Similar synchronization processes can be observed for other communities, as shown in Fig. 4.20. Here, Fig. 4.20a displays the evolution of oscillators in a network consisting of two fully connected communities. There exists a clear transition to global complete synchronization. Figure 4.20b also verifies that the community structure of the two communities is very stable. In Fig. 4.20c, one can see that the network with three communities has a trend moving towards cluster synchronization. However, this transition is not as obvious as that of the community network shown in Fig. 4.20a. This is because the network in Fig. 4.20c has an inapparent community structure, where the first community is a small-world model of 100 nodes with p = 0. 01, which has very sparse edges. Figure 4.20d shows an even fuzzier community structure of three communities, which is consistent with Fig. 4.20c.

Fig. 4.20
figure 20_4

Top: Network with 2 communities; each is a fully connected model of 150 nodes. There are 10 edges between the two communities. (a) The time evolution of oscillators θ i  (i = 1, 2, ⋯ , N). Red line: nodes in one community; Blue line: nodes in the other community. (b) Number of disconnected components as a function of time t. Bottom: Network with 3 communities: the first one is a small-world model of 100 nodes, with p = 0. 01; the second is a small-world model of 150 nodes, with p = 0. 1; the third is a small-world model of 200 nodes, with p = 0. 5. There are 5 edges between every pair of communities. (c) The time evolution of oscillators θ i  (i = 1, 2, ⋯ , N). Red line: nodes in the first community; Blue line: nodes in the second community; Green line: nodes in the third community. (d) Number of disconnected components as a function of time t

Based on the above-described analysis, one can draw the following conclusions. (1) For community networks, there exists a general path to achieve global complete synchronization as time goes on: non-synchronization → partial synchronization  → cluster synchronization → global complete synchronization. (2) Synchronization processes can be used to identify topological scales, that is, communities at different time scales. (3) Synchronization dynamics have a strong relation with the spectrum of the Laplacian matrix, which reflects the topological structure of the network.
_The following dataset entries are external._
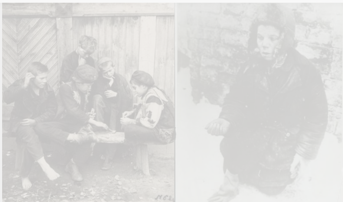
Беспризорники, 1920-е годы. Беспризорник, 1924 год

В прессе начала 1920-х годов писали, что голодные и синие от холода дети часто просили милостыню около красноярских кинотеатров. Большая часть сирот влилась в преступный мир, регулярно фигурируя в криминальной хронике. Поэтому насущным вопросом для города было открытие ночлежных домов для детей.
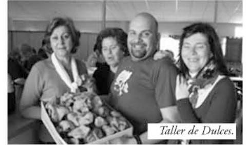
Taller de Dulces.

Dentro del programa de actividades de Semana Santa de Guadiana, esta ha comenzado con un taller de dulces organizado por la Asociación de mujeres el Portal y la Asociación Cultural los Mismos.
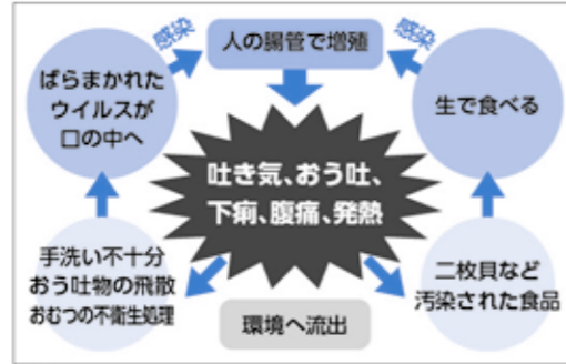
▲感染のサイクル図

平均1〜3日 ※その他 感染すると、便やおう吐物に、大量のウイルスが含まれます。下痢などの症状がなくなっても、便中にウイルスの排出が1週間程度(長いときは1か月)続くことがあります。
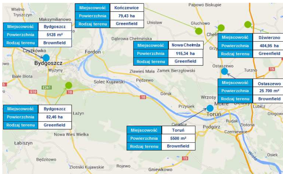
Rysunek 3 Rozmieszczenie największych terenów inwestycyjnych w Bydgosko-Toruńskim Obszarze Funkcjonalnym w 2014 r.
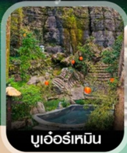
บูเออร์เหมิน
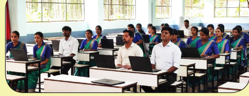
Faculty Development Program on AI ಶಿಕ್ಷಕರ ತರಬೇತಿ ಕಾರ್ಯಾಗಾರ 26.6.23

ವಿವೇಕಾನಂದ ಕಾನೂನು ಮಹಾವಿದ್ಯಾಲಯ ಪುತ್ತೂರಿನ ಪ್ರಾಧ್ಯಾಪಕರು ಹಾಗೂ ಕಾನೂನು ವಿದ್ಯಾರ್ಥಿಗಳು ನ್ಯಾಯಾಲಯದ ಕೆಲಸದ ಪ್ರಾತ್ಯಕ್ಷಿಕೆಯನ್ನು ತೋರಿಸಿದರು. ವಿದ್ಯಾರ್ಥಿಗಳು ಹಾಗೂ ಉಪನ್ಯಾಸಕರು ಉಪಸ್ಥಿತರಿದ್ದರು.
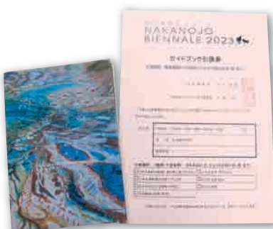
公式ガイドブック(左)と引換券(右)
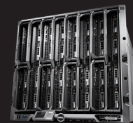
GRANDE INFRAESTRUTURA DE DIMENSIONAMENTO
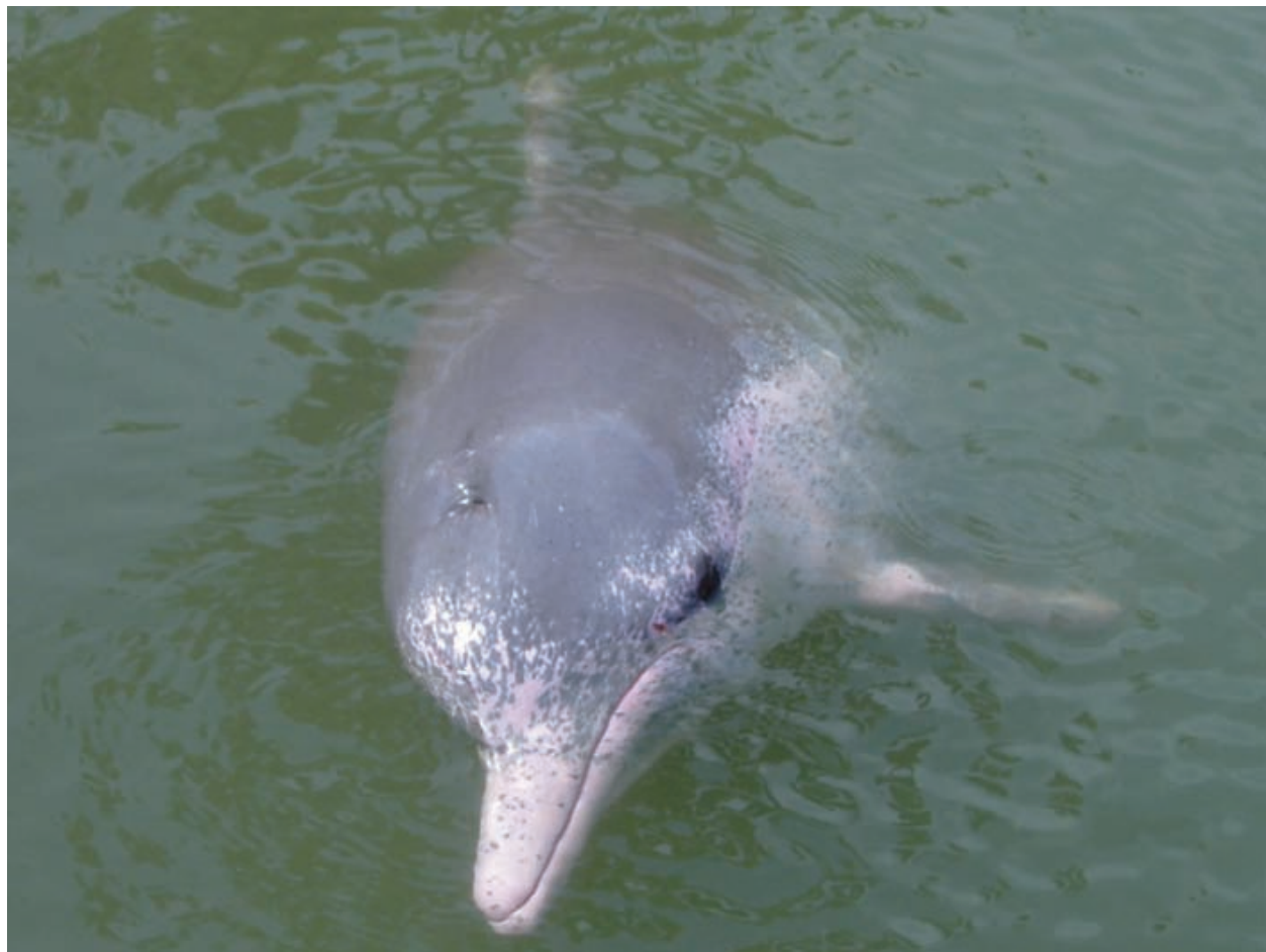
專家籲搶救中華白海豚

2008下半年，台灣近海海域發生兩起擱淺事件，先是10月8日漂流長達三個多月的印尼籍海上作業平台，載有近30台大型機具，在蘭嶼海岸擱淺後，因不堪風浪擊打，船身

Finally, it is remarked that this chapter only discusses complex networks of identical nodes. As to networks of non-identical nodes, spectral analysis becomes much more complicated, even for cluster synchronization (see, e.g., [5152]), which is beyond the scope of the present study.

6 Conclusions

The Laplacian spectra of several typical complex networks, particularly community networks, have been analyzed mainly from a numerical simulation approach. It is found that four representative complex networks have completely different spectra, where for ER random and NW small-world networks, the smallest nonzero eigenvalue λ2 depends approximately linearly on the connection probability p. For community networks, the number of eigenvalues near zero reflects the number of communities identifiable from the network. In particular, for random, small-world, and scale-free networks, their spectra are positively correlated to their degree sequences. To find an approximated eigenvalue λ i + 1 from λ i , a local prediction-correction algorithm has been proposed, which is shown to be very effective. Furthermore, paths to complete synchronization and generalized synchronization of different networks have been investigated, concluding that the synchronization processes are different with respect to different topological structures, and that nodes with the largest degree firstly achieve synchronization (and generalized synchronization) and then synchronous dynamics spread out to the rest nodes in the network. It has also been found that there is a general path towards global complete synchronization: non-synchronization → partial synchronization  → cluster synchronization → global complete synchronization. Finally, it has been revealed that the gaps existing in a Laplacian spectrum are largely dependent on the stability of the communities of the networks at different time scales. All these new findings should provide useful insights to a better understanding of complex network synchronization.